The first is businesses’ growing interest in virtualization. “It’s not a trend,” Turner says of virtualization, “but a theme.” And that theme relates to cost savings using virtualization tools, such as Microsoft’s Hyper V product. (See Microsoft Releases Beta of Hyper-V Virtualization Tools.) Though there are a couple of different areas where Microsoft is building out its nascent application and desktop virtualization offerings, server virtualization is where it’s focusing most of its efforts in a bid to unseat market leader VMware.
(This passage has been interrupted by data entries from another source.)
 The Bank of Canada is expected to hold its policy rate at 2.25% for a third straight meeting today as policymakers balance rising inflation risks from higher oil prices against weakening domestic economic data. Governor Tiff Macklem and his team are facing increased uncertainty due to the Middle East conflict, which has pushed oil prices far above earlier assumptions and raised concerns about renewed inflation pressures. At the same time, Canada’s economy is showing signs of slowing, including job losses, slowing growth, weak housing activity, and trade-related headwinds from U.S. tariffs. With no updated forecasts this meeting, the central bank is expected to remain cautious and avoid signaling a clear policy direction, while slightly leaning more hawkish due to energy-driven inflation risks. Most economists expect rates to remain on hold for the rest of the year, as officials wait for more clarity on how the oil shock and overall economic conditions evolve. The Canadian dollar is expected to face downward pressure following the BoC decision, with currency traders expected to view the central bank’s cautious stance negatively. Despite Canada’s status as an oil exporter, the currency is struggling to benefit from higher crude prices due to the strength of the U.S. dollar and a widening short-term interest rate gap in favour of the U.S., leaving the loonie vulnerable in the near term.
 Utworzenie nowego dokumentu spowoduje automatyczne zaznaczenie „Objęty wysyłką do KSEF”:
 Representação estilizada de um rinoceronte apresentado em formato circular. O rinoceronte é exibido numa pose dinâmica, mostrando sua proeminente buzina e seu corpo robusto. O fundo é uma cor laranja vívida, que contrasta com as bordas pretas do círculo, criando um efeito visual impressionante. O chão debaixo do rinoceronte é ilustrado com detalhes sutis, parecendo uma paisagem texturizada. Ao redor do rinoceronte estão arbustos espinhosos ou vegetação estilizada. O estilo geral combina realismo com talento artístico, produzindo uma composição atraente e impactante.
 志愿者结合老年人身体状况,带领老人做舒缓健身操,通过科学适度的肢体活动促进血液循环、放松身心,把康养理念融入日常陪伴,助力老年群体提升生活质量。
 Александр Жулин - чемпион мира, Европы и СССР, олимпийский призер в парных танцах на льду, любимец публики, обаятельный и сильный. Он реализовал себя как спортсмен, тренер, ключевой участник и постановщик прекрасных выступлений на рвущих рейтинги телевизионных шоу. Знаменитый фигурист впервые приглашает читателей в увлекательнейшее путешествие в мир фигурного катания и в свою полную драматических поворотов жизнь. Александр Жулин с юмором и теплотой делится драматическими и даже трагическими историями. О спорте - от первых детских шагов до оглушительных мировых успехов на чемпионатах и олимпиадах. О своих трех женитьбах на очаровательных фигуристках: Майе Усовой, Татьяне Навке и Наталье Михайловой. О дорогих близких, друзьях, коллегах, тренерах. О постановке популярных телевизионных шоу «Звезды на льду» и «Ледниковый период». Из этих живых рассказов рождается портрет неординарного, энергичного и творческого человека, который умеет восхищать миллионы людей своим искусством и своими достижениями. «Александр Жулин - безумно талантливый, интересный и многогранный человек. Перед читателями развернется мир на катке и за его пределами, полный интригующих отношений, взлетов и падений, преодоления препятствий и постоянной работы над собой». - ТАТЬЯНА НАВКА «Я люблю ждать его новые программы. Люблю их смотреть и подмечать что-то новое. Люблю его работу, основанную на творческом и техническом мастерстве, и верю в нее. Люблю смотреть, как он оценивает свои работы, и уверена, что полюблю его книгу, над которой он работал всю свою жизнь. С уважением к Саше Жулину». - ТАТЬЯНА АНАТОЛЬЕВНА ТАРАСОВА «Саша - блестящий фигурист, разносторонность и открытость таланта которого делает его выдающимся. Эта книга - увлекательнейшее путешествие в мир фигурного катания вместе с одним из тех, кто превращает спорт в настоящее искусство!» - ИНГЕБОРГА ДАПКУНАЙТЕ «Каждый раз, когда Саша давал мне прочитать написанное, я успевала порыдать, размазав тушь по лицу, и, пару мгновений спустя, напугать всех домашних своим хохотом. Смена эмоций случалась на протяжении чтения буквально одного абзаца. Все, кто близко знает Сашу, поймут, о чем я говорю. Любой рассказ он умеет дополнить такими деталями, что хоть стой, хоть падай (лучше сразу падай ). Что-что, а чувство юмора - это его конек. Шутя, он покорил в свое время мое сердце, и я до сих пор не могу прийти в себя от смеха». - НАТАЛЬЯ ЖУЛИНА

The second important market trend is the rise of on-demand or software-as-a-service applications. Microsoft calls its new offerings in this area as “software plus services,” and Turner says that Microsoft’s move into this space is because customers are demanding it. (For more information, see Microsoft Buys into the Cloud and Microsoft Launches On-Demand CRM Software into a Crowded Market.)

“People want choice,” Turner says. “We believe that most large customers will have a variety of business models that relate to software, and there are some bits of their information that they won’t want [someone else] to host or control.” For those that companies want a third-party to host, Microsoft or its partners are already or will soon be offering to host a multitude of Microsoft products and services (such as Office, Dynamics CRM, Exchange or SharePoint) on its servers.
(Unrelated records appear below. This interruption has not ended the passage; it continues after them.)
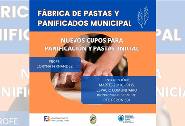 La Municipalidad de Fray Luis Beltrán, a través de la Secretaría de Desarrollo Social, informó la apertura de nuevos cupos para el curso de Panificación y Pastas – nivel inicial, una capacitación que se desarrolla en el marco del programa Fábrica de Pastas y Panificados Municipal.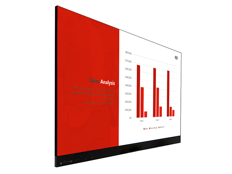 Fine Pitch DV-LED-skärmväggen är en allt-i-ett-lösning med avancerad LED-teknik och en Android-baserad dator. Den har integrerade 30W-högtalare, en slimmad och lätt design, frontmonterade portar (HDMI och USB), trådlös spegling samt enkelt underhåll från framsidan. Den erbjuder hög bildkvalitet, enkel installation och smidig service.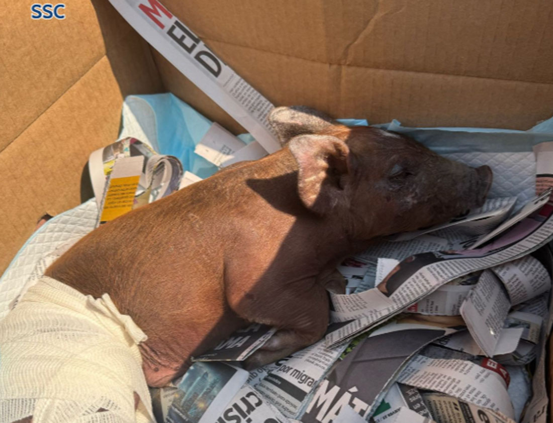 Al llegar al punto, los uniformados se entrevistaron con un hombre quien les refirió que encontró a un lechón lesionado, por lo que lo puso en una caja de cartón para protegerlo y solicitó el apoyo de personal de la BVA.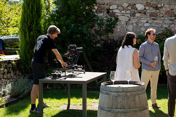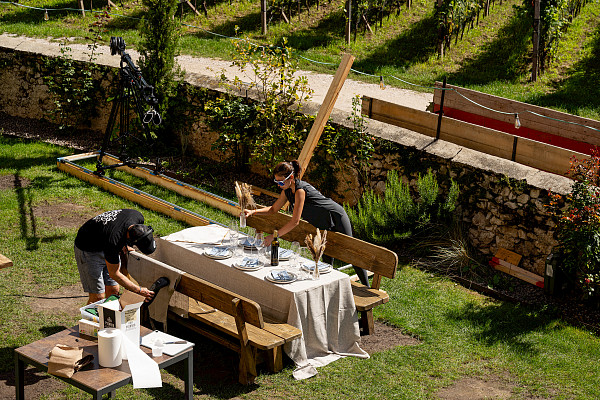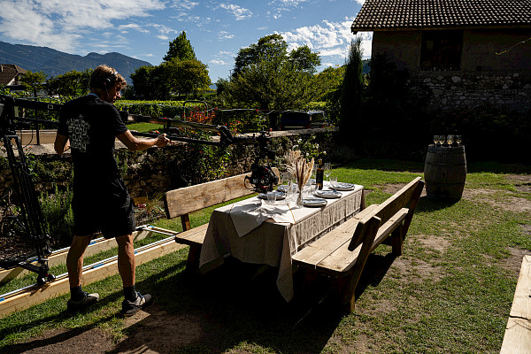 We worked with real people, authentic gestures, and subtle details: hands, glasses, movement. The outdoor table becomes the center of the scene, followed by a calm final shot showing the location – nature, quietness, South Tyrol.

The third area is around unified communications, Turner says, and companies’ “mobility story,” which includes providing the ability to connect voice, data and video over communications devices, such as smartphones running the Windows Mobile platform and other telephony devices, and the computing desktop. (Also see: Seven Fantastic Free Windows Mobile Apps.)

And fourth, Turner says that the “hottest area” in Microsoft is in the collaboration space and Microsoft’s SharePoint server product, which offers companies the ability manage their documents, records and other content, search that content and provide other workflow and collaboration opportunities. (For more, see SharePoint 2007 Demystified and Microsoft Reveals Mesh Folder-Sharing and Sync Platform.)

Taken together, these four market trends are where Microsoft will be releasing new products and solutions that will “really help [customers] solve their problems,” which, he says, is exactly what they are looking for from Microsoft right now.